▸ WHAT TO DO: Make an exact copy, from the records below, of the lines from the line containing "Each map is" to the line containing "3辣椒要红辣椒切成一段一段的。", both lines included, excluding pictures.

▸ DATASET EXTRACT:
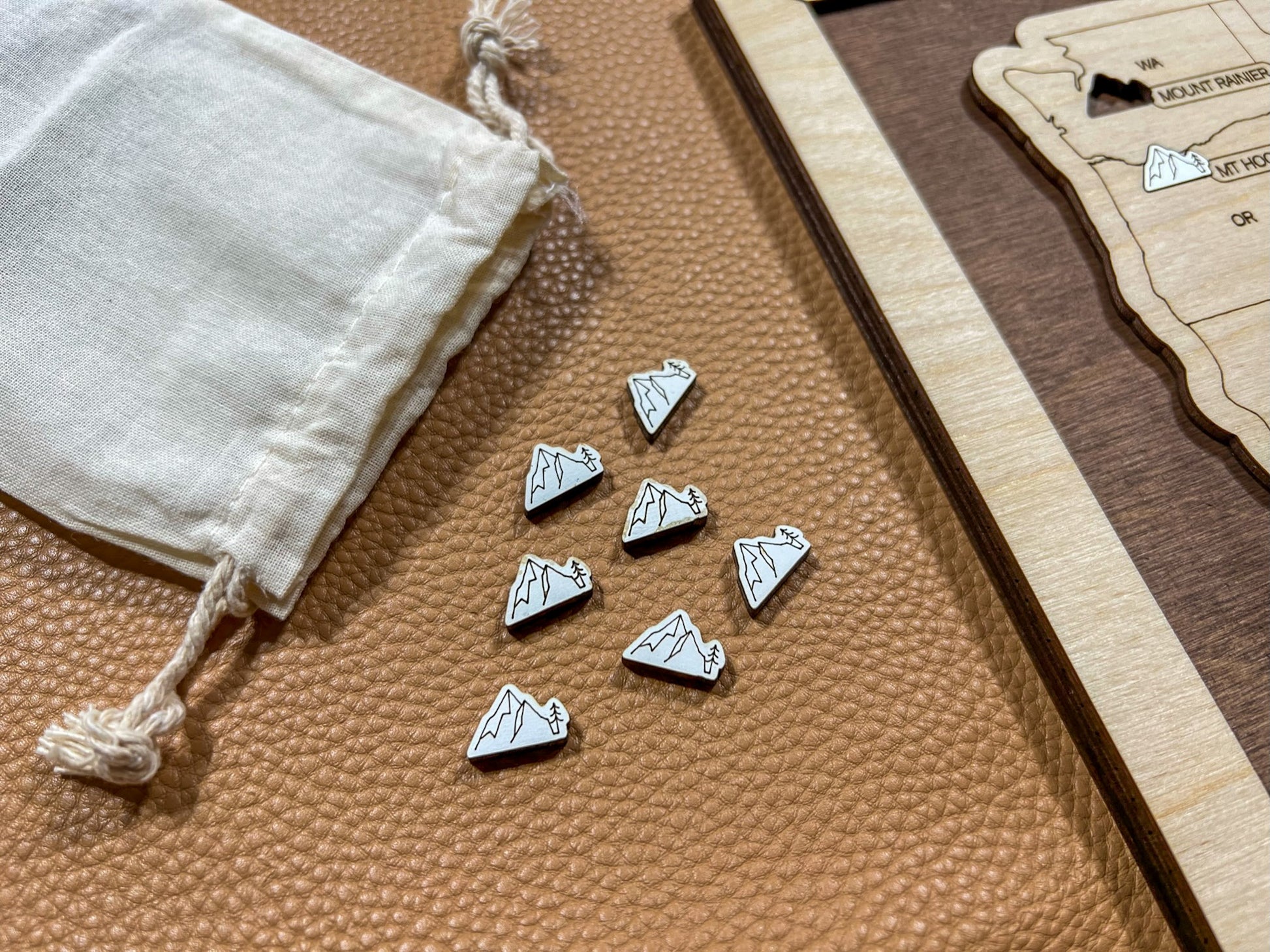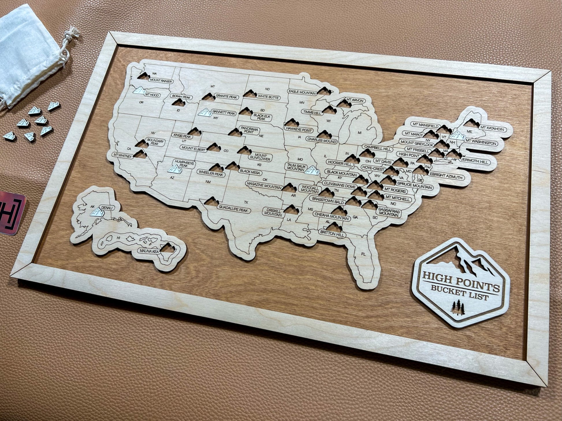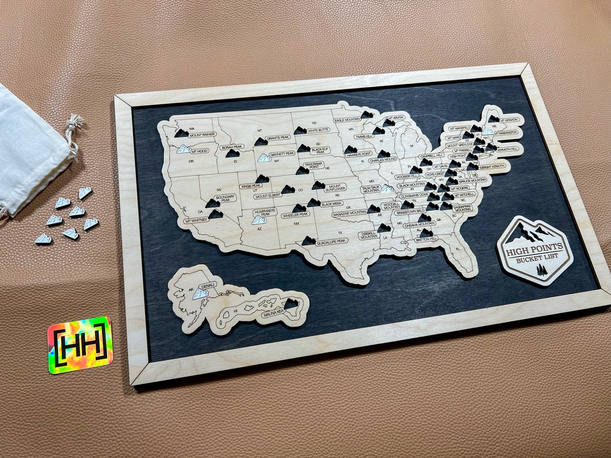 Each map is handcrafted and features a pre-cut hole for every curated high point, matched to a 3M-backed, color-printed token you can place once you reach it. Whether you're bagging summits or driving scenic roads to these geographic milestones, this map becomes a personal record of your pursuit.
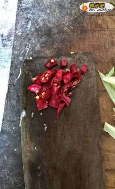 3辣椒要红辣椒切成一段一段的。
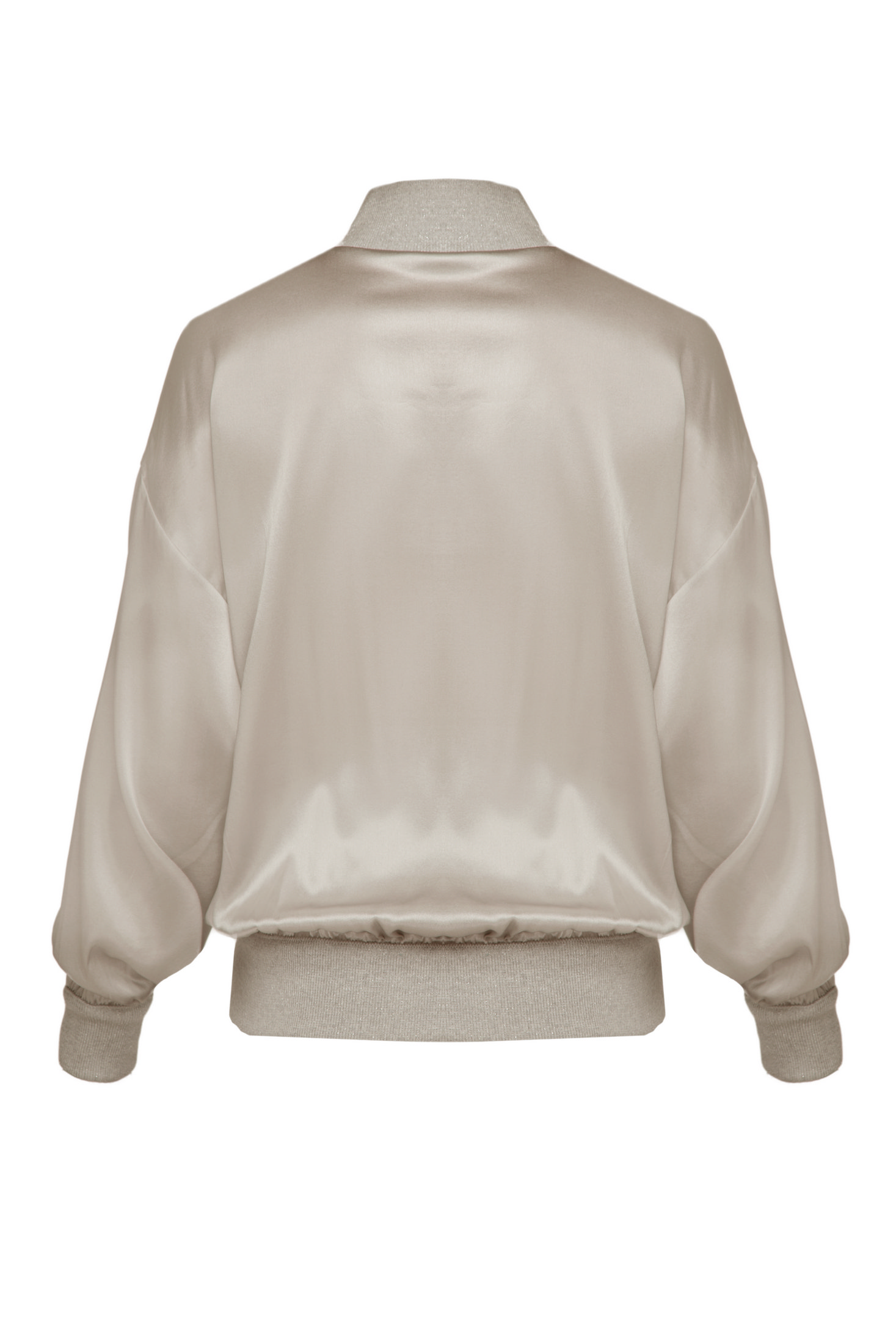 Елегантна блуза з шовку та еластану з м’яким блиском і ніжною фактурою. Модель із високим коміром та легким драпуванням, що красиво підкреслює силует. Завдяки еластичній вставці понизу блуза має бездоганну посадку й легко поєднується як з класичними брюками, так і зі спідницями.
==
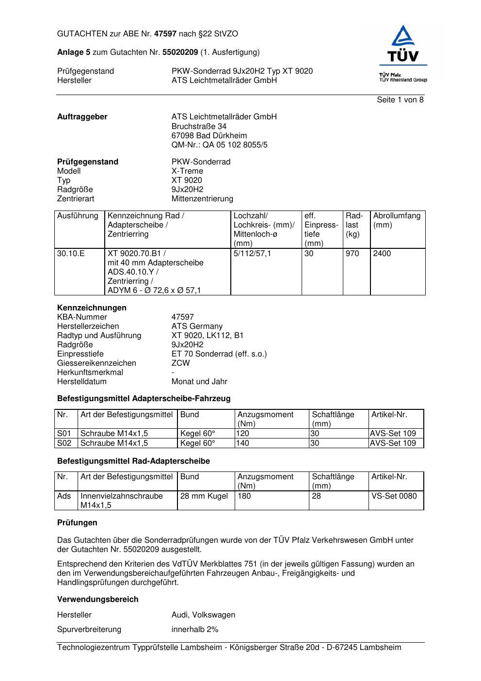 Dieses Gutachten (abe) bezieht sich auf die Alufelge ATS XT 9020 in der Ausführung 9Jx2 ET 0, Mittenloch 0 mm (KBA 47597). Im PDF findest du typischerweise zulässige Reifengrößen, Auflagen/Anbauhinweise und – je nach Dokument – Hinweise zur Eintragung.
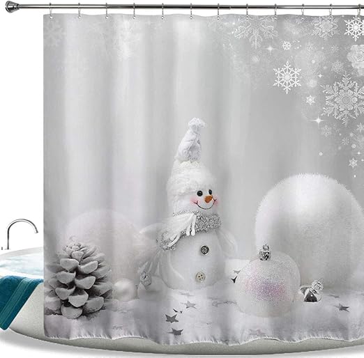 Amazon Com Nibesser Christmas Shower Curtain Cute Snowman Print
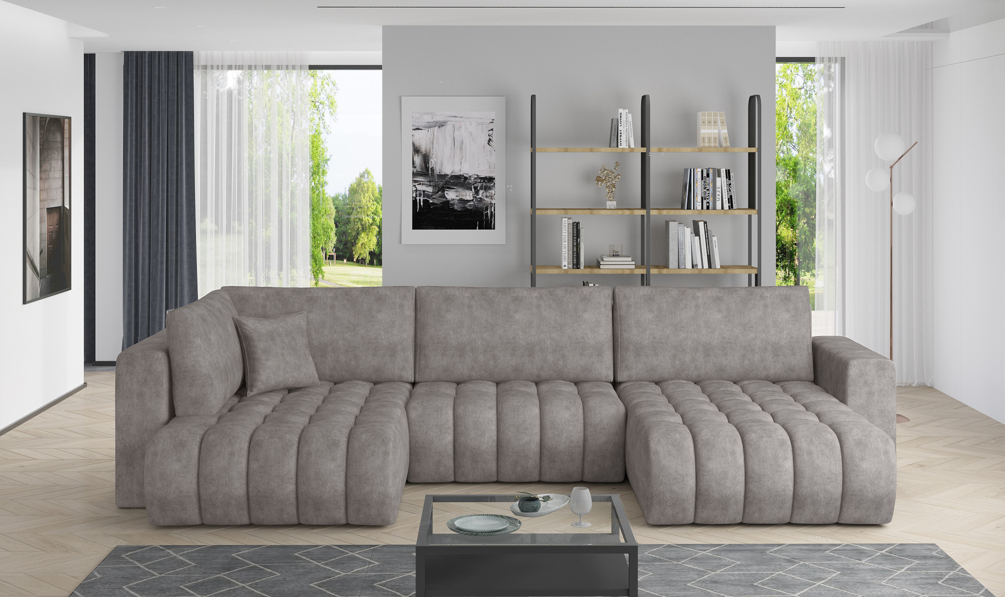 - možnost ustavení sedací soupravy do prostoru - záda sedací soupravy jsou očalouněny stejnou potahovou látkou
==
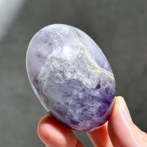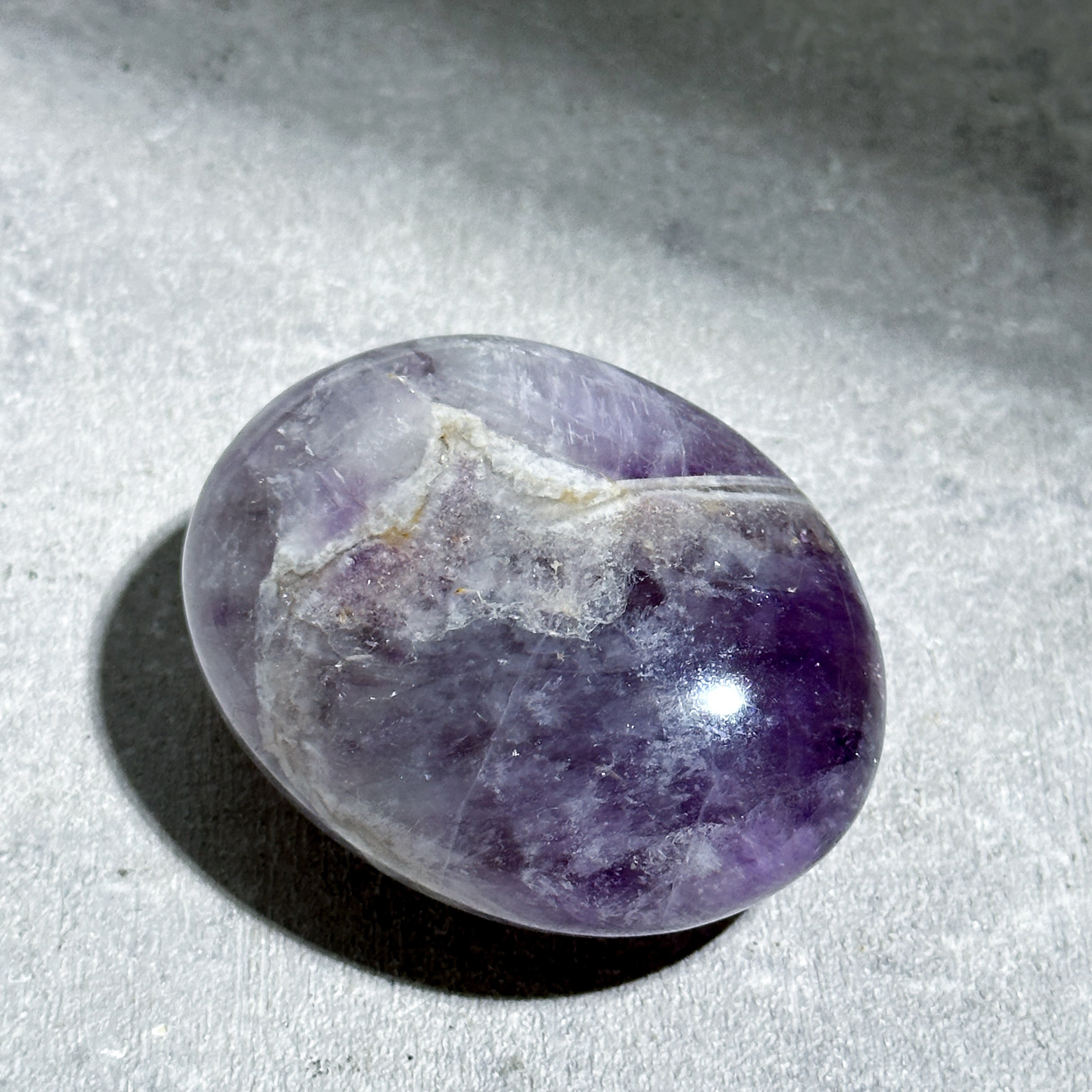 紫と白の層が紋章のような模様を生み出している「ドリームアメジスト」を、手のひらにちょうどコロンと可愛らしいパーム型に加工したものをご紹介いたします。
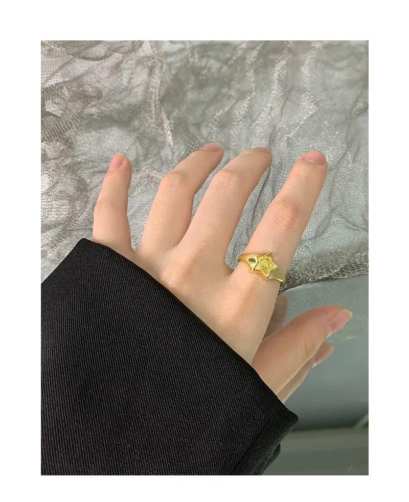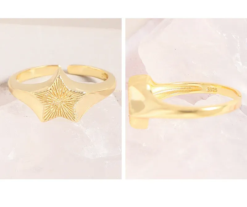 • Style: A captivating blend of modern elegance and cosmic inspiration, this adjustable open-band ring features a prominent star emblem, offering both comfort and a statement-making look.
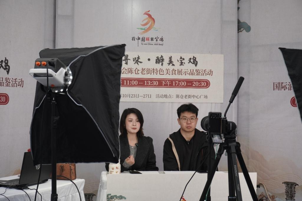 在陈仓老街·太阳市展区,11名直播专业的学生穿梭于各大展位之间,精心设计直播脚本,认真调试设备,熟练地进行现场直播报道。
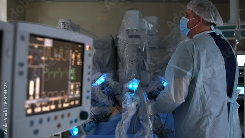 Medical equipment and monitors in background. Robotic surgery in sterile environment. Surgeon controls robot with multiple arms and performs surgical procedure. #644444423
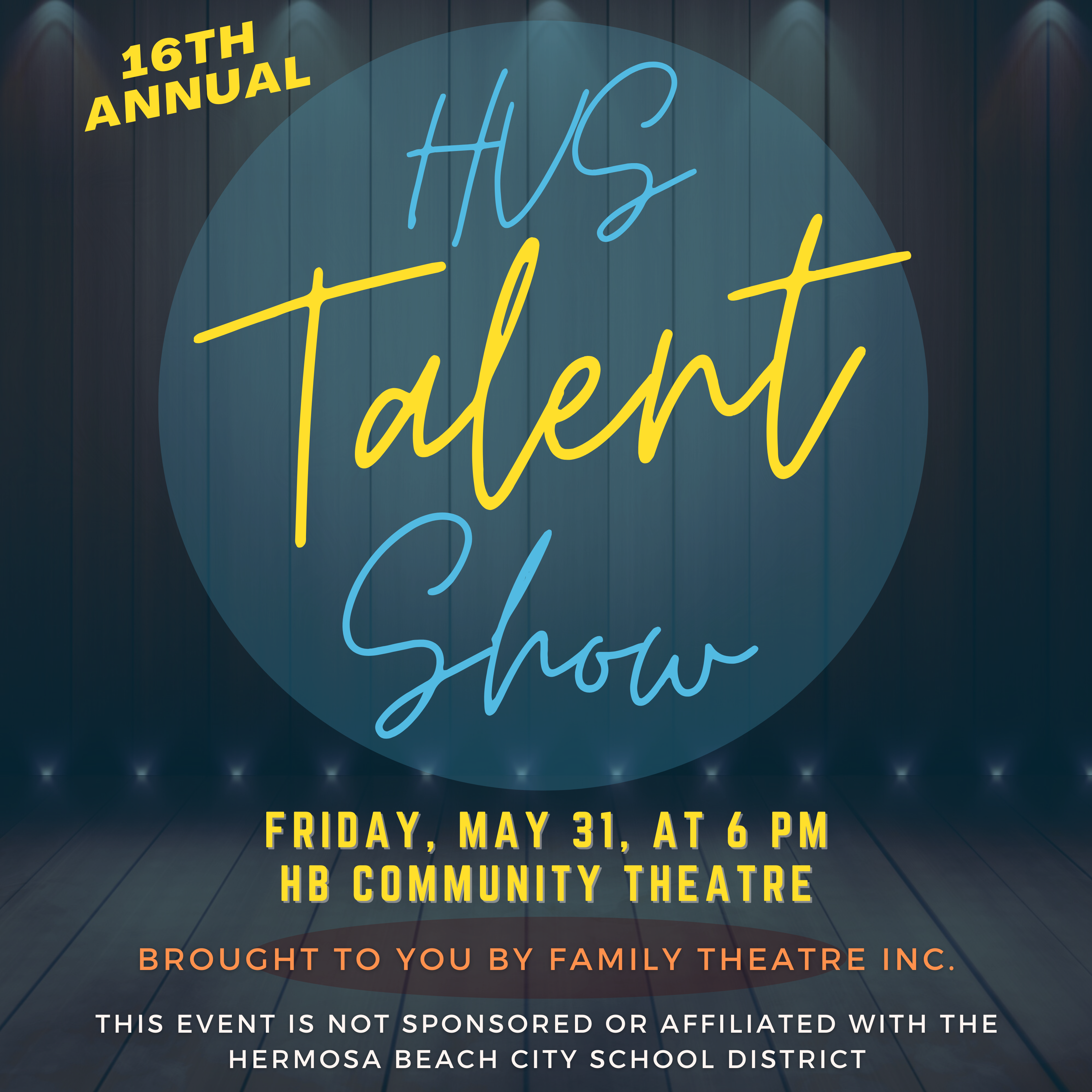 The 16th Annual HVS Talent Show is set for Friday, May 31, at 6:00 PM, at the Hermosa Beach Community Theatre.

▸ TASK RESULT:
 Each map is handcrafted and features a pre-cut hole for every curated high point, matched to a 3M-backed, color-printed token you can place once you reach it. Whether you're bagging summits or driving scenic roads to these geographic milestones, this map becomes a personal record of your pursuit.
 3辣椒要红辣椒切成一段一段的。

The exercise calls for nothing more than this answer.